# A Crash Course in Python (Part 2): SOLUTIONS
In the second part of this crash course in Python, we will be focussing on more complex data structures such as tuples, lists and dictionaries.  

## Tuples

This allow us to store a fixed number of values as a single data object.  2-tuples (tuples with 2 values) are often referred to as pairs and 3-tuples (tuples with 3 values) are often referred to as triples.  Possibly the most obvious example of data which might be stored in tuple form is co-ordinates.

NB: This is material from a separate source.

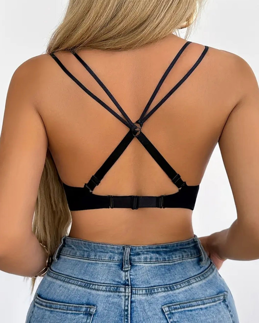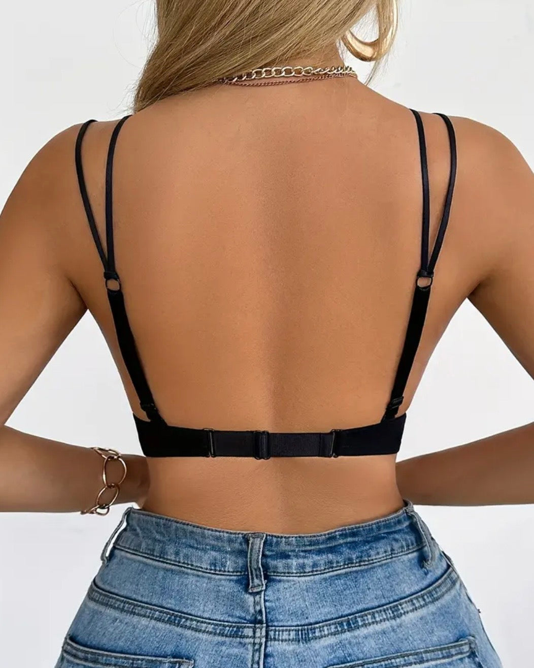 • Bralette nero con scollo a V profondo e coppe strutturate

A tuple of values can be defined using ().  Note that tuples do not need all of the values to be of the same type


In [24]:
my_position=(4,3,-2)
print(type(my_position))
my_student=("Daniel",10)
print(type(my_student))

<class 'tuple'>
<class 'tuple'>


Individual elements of the tuple can be accessed through their indices using [] notation.  

In [25]:
print(my_position[0])
print(my_position[1])
print(my_position[2])

4
3
-2


### Exercise 1:
Complete the following function to compute the distance of a point from the Origin.

In [26]:
def find_distance(position):
    """
    function to find the distance from the Origin of a point 
    my_position: 3 tuple (x,y,z)
    returns: float
    """
   
    x=position[0]
    y=position[1]
    z=position[2]

    distance=(x**2+y**2+z**2)**0.5
    return distance
    
    

In [27]:
find_distance(my_position)

5.385164807134504

### Exercise 1b
Write a function which takes two triples (p1 and p2) and calculates their vector difference p1-p2

Remember, if p1 = (x1,y1,z1) and p2 = (x2,y2,z2) then p1-p2 = (x1-x2,y1-y2,z1-z2)

In [28]:
def diff(p1,p2):
    mydiff=(p1[0]-p2[0],p1[1]-p2[1],p1[2]-p2[2])
    return mydiff

In [29]:
print(diff(my_position,(4,-2,6)))

(0, 5, -8)


### Exercise 1c
Write a function which takes two triples (p1 and p2) and calculates the distance between the points in Cartesian space.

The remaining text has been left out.